Background: While endotype-driven therapeutic strategies are increasingly successful for asthma, the issues of dissociated effect and drug efficacy at the target sites remain unresolved. This review is to provide a comprehensive overview of the pharmacogenomics of asthma along with its endotype subsets.

Methods: We undertook a search in NCBI All Databases by key words "pharmacogenomics AND allergen", "pharmacogenomics AND asthma AND rhinitis", etc. The remaining papers were reviewed without bias after the exclusion of redundant papers and non-English papers (except for Chinese papers). Papers regarding similar issues or items were then pooled together to support the corresponding viewpoints and subtitles, conclusions were thus drawn.

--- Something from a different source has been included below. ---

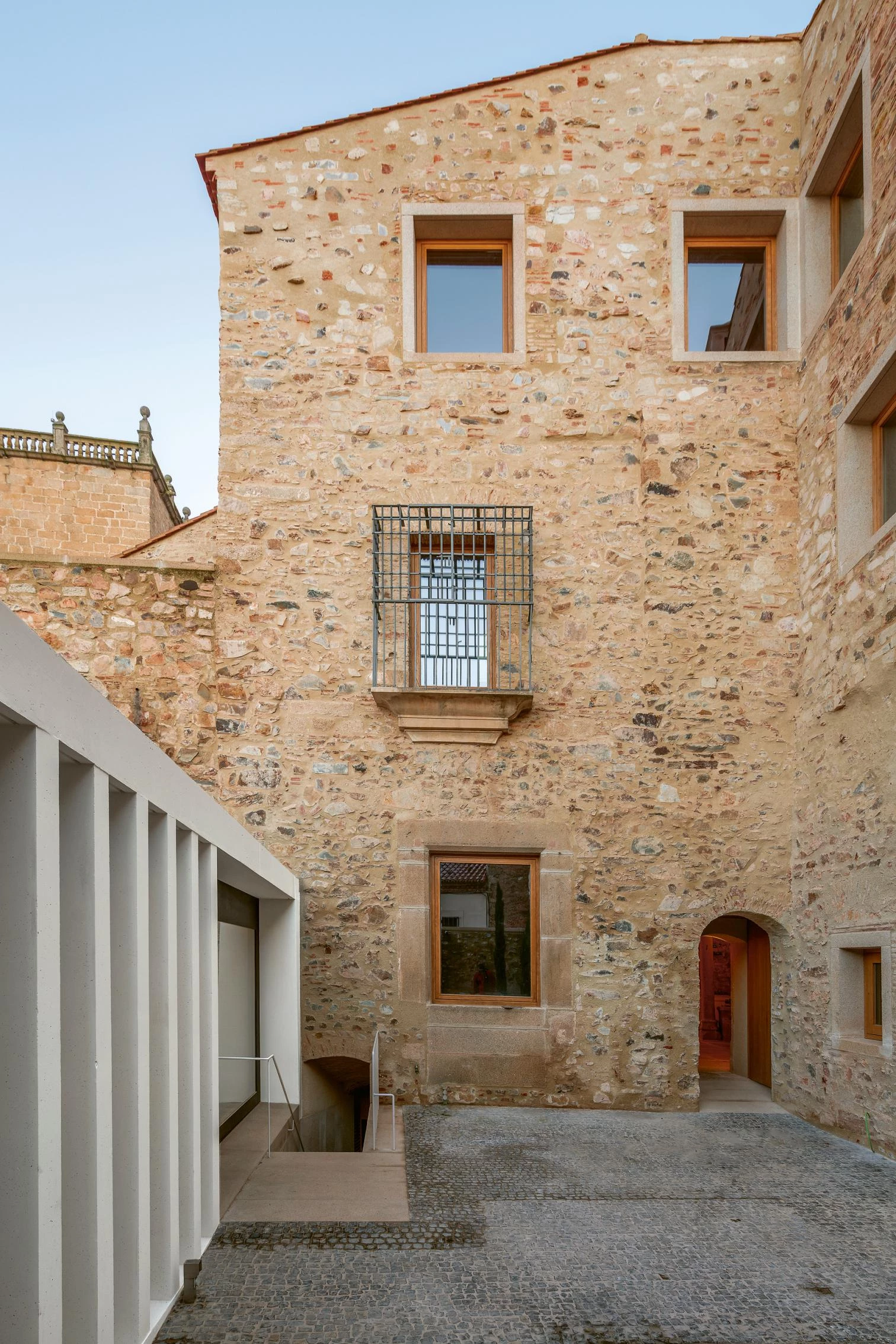 La rehabilitación define con claridad una sucesión de espacios en diagonal que va desde la calle Ancha a la calle San Pedro, pasando por el zaguán abovedado —en el que se ha incluido una obra site-specific del artista portugués José Pedro Croft—, el atrio asimétrico con una sucesión de bóvedas de ladrillo que se apoyan sobre dos columnas dóricas, y el patio exterior ajardinado, que cuenta con una pequeña alberca. Se complementa la intervención con el recrecido de la torre, buscando contribuir a la mejora del perfil de la ciudad, especialmente en la calle Ancha.

Result: Eighty of the retrieved 139 papers were included in the review. Immunopathogenesis of asthma found that the induction of asthma involves genetic variation, TLR gene-activated immune responses, cell-mediated inflammation, and other immunological changes. Human lung mast cell has a crucial effect on the symptoms of asthma. JAK-3 mediates cytokine signaling, while DNA methylation in the ADRB2 gene decreases asthma symptom severity. Pharmacotherapeutics of asthma has focused on fewer candidate genes, relating to glucocorticoid, leukotriene, and β2-adrenergic receptor pathways, and other pathways involving IgE, IL-5, IL-4, IL-13 and IL-17.

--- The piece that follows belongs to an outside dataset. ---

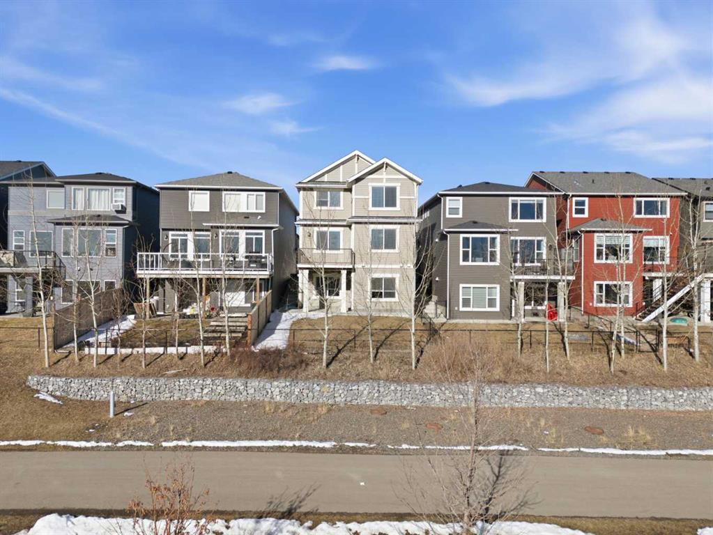 Located within the popular community of Livingston, this fabulous fully developed two story walkout home that borders and backs onto a gorgeous pond. The modern open concept main floor offers a U-Shaped kitchen with a large center island, a spacious living room and a bright dining area overlooking the pond. The kitchen has been equipped with stainless steel appliances, laminate countertops, and timeless white colour cabinetries. The large windows in the living room and dining area bring plenty of sunlight with a full view of the beautiful pond and green space. The patio door opens onto a deck that can comfortably seat a crowd. Upstairs features a spacious bonus room, two additional bedrooms, a full bathroom, and a master suite with open unobstructed views. The walk out basement has been beautifully developed by the builder with a 4-piece bathroom, a large 4th bedroom, and a bright recreation room with direct access to the concrete patio and the backyard. The east facing backyard is professionally landscaped and is just steps away from a walking/biking path. Brand new exteriors including Roof, Full Wrap of Sidings, Garage Door, and Drainage & Gutters were completed in 2025. The house is centrally located within walking distance to the Livingston Hub, future schools, public transit and a few community commercial centers. It is also close to parks and playgrounds and with easy access to the International Airport, Stoney Trail, Deerfoot Trail, Airdrie and Crossiron Mills. This home is the first time listed on the market, a rare find, don't miss this opportunity to make it yours. Call and book your showings today!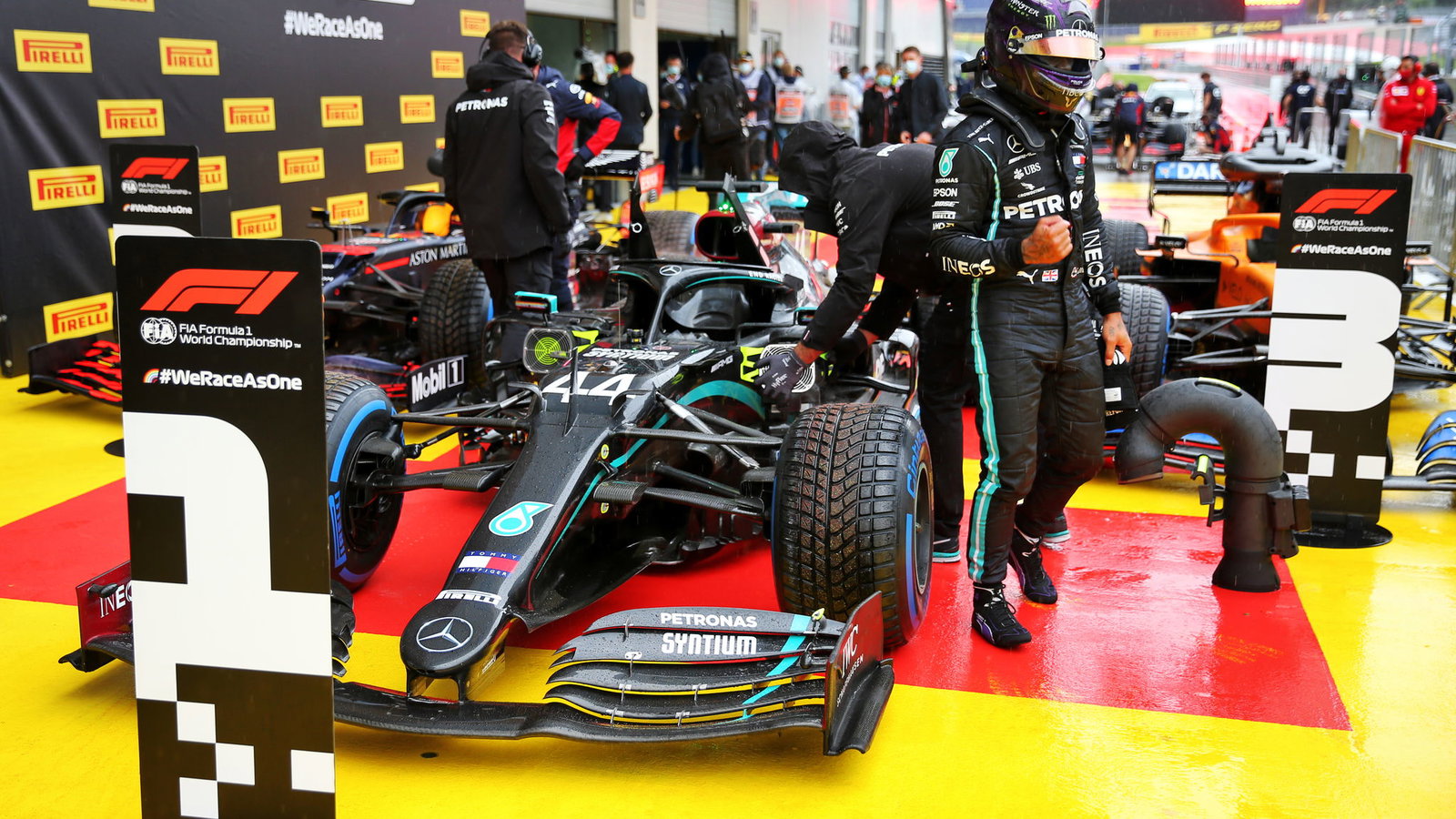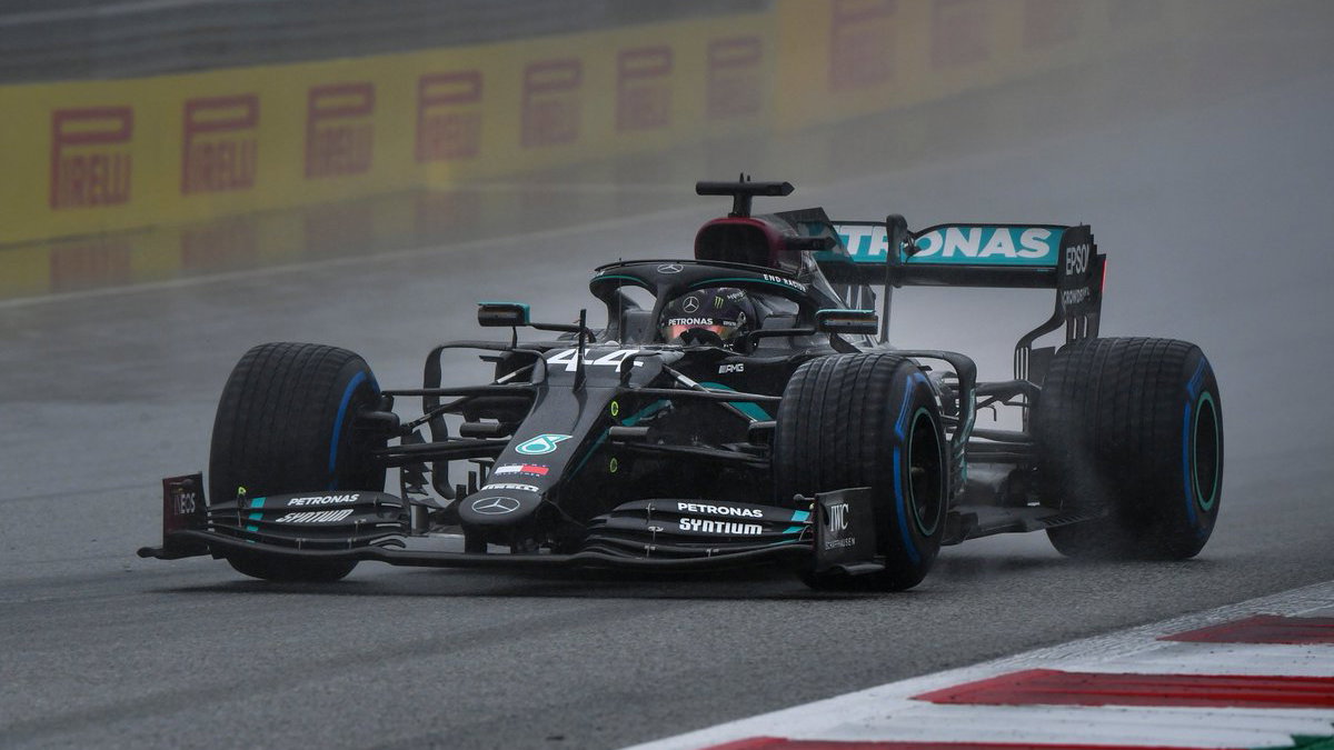 Lewis Hamilton admits to some 'heart in mouth' moments as he powers his way to a dominant pole position for the F1 Styrian Grand Prix at a wet Red Bull Ring

Conclusion: The genetic profiles of gene variants can predict individual disease susceptibility and risk for disease progression. Fewer genes, relating to glucocorticoid, leukotriene, histamine, and β2-adrenergic receptor pathways, have been concentrated. A personalized, tailored approach is necessary for health care delivery according to the individual variability in genes, environment and lifestyle of each individual.